Ty sam musisz zapracować sobie w czasie studiów na to, co będzie się działo w Twoim życiu wtedy, kiedy strona www.sgh.waw.pl przestanie być domyślną stroną Twojej przeglądarki. Jeżeli w Różowej szedłeś po najmniejszej linii oporu, to zderzenie z rzeczywistością może być bardzo bolesne. Cytując legendarnego amerykańskiego finansistę Warrena Buffeta: - Kiedyś zawsze przychodzi odpływ, a wtedy okaże się, kto pływał nago.
40. Na pewno dasz sobie radę. Powiadają że magisterium się robi, do doktoratu się dojrzewa, a do habilitacji i profesury sytuacja musi dojrzeć. Ze statystyk wynika, że tylko 4/5 studentów SGH broni się w terminie. Postaraj się pchnąć pracę magisterską do końca 10 semestru, bo potem jest coraz trudniej. Jak mawiają znawcy tematu kompilacyjny, a nie odkrywczy, charakter pracy magisterskiej nie wymaga szczególnego geniuszu tylko sporej dawki wojskowej dyscypliny oraz solidnej i systematycznej pracy. Zdaniem wtajemniczonych praca magisterska to nic innego jak przekładanie kości z jednego grobu do drugiego. Dlatego też warto uwinąć się z tym w miarę sprawnie.

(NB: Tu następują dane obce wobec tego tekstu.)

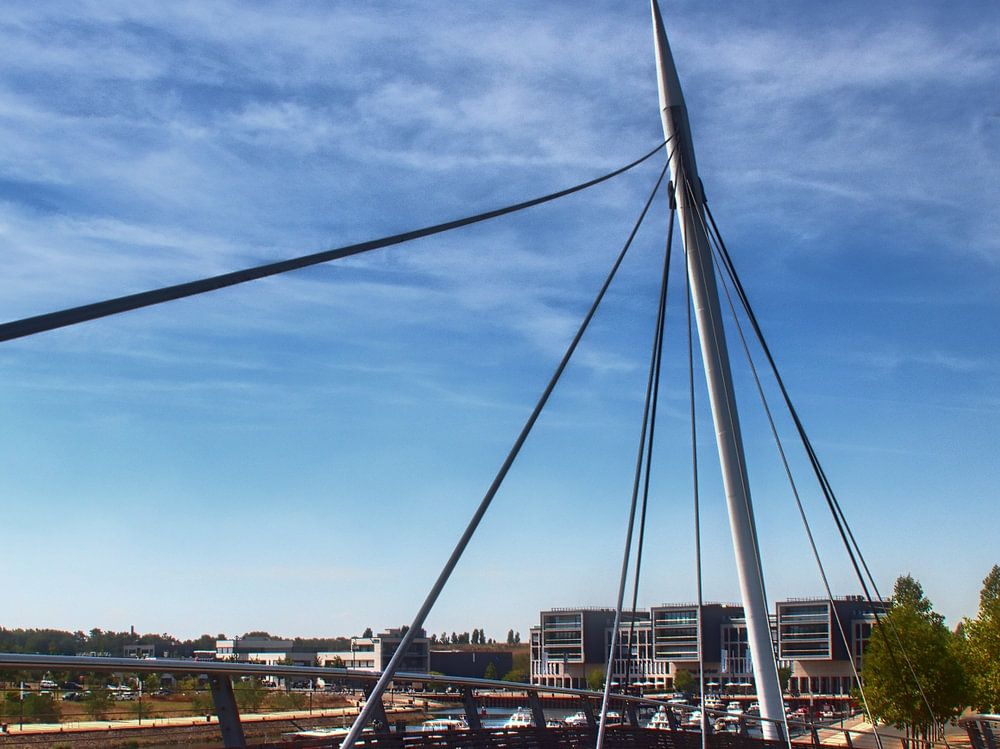 Pont pour piétons et cyclistes au-dessus de l'entrée du port Stölting Harbor sur le canal Rhin-Herne à Gelsenkirchen
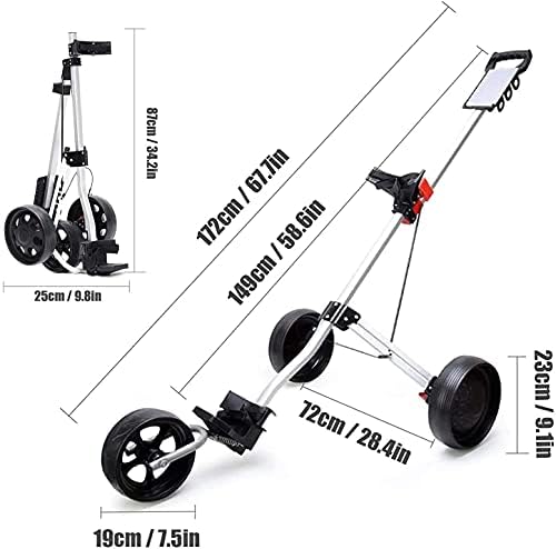 [Size of Golf Cart]This push cart opens and folds in one second.The cart size:102cm x 32cm Weight: 3.3kg which makes it compact and easily fit in the trunk of your car.
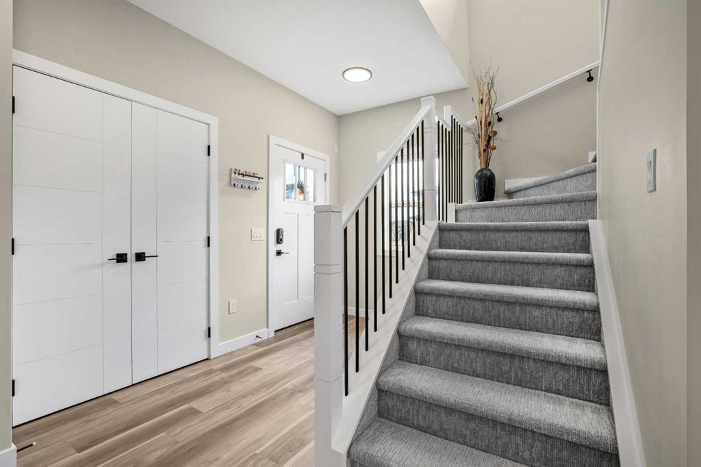 Welcome to this beautiful home in the new Waterford community of Chestermere, perfectly situated on a spacious corner lot with a double attached front garage. Thoughtfully designed and well maintained, this property offers a seamless blend of style, comfort, and functionality. Step inside to a bright, open-concept main floor featuring 9-foot ceilings and a versatile den—ideal for a home office or flex space. The stunning white kitchen is the heart of the home, complete with quartz countertops, premium cabinetry, a walk-through pantry, and a full stainless steel appliance package—perfect for both everyday living and entertaining. A separate side entrance leads to the basement, offering excellent potential for future development. The lower level is already thoughtfully planned with a layout in place and rough-ins for a bathroom. Upstairs, you’ll find a spacious bonus room along with three generously sized bedrooms. The primary suite features vaulted ceilings, a walk-in closet, and a luxurious 5-piece ensuite with dual sinks. Each of the additional bedrooms also includes its own walk-in closet, offering ample storage for the whole family. The backyard is fully landscapred and fenced with a deck, gazebo and BBQ gas line. Located just steps from shopping, amenities, and the scenic Chestermere Lake, this home delivers an ideal lifestyle for families and multi-generational living alike.
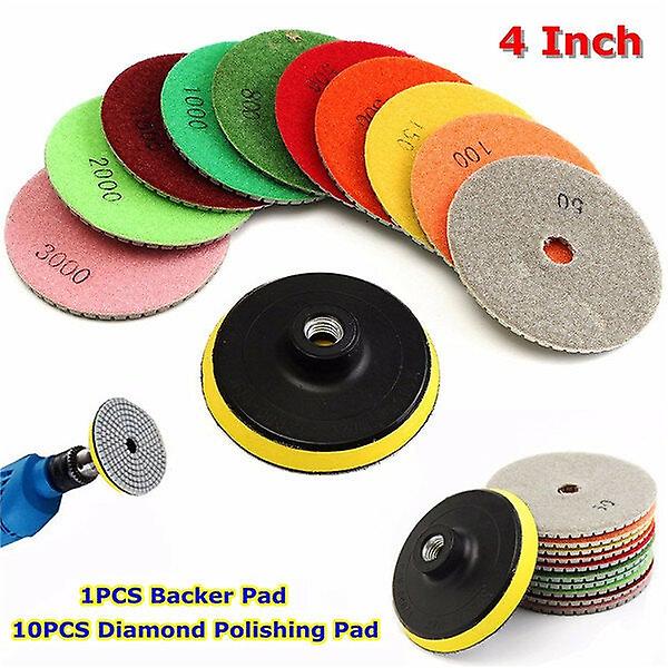 10Pcs 4 Inch 50 To 3000 Grit Diamond Polishing Pads With Backer Pad
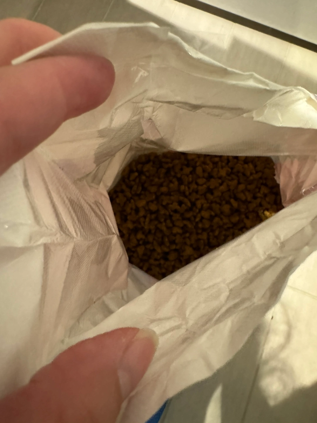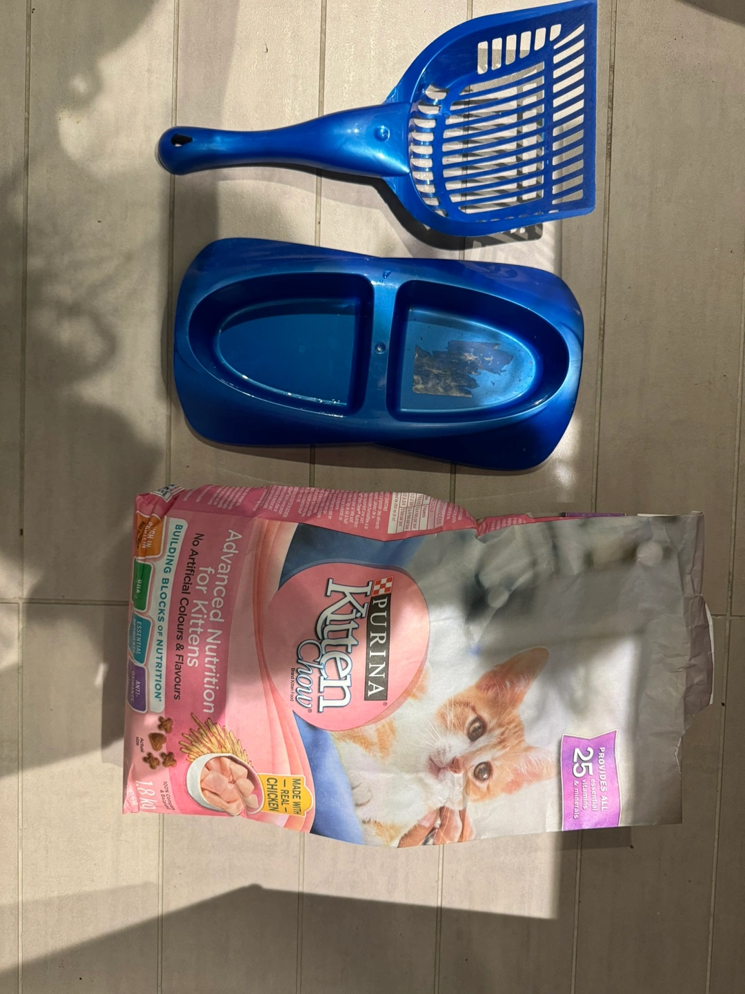 A bag of dry cat food that only a few small scoops was taken out. Comes with bowl and litter scoop as well.

Generalnie studia tutaj nie są trudne Trochę nudnawe i bezbarwne programowo są tylko te pierwsze semestry. Ciężko może być także przy końcu, gdy nadchodzi czas pisania i bronienia pracy magisterskiej. Drugie przychodzi znacznie łatwiej niż pierwsze -na trwającej 20 minut rytualnej obronie jest naprawdę bardzo sympatycznie. I rzecz jasna nikt Cię już wtedy nie atakuje.
41. „Jeżeli umiesz przyjąć sukces i porażkę, traktując jednakowo oba te złudzenia...”. Jest właśnie tak, jak w wierszu Rudyarda Kiplinga.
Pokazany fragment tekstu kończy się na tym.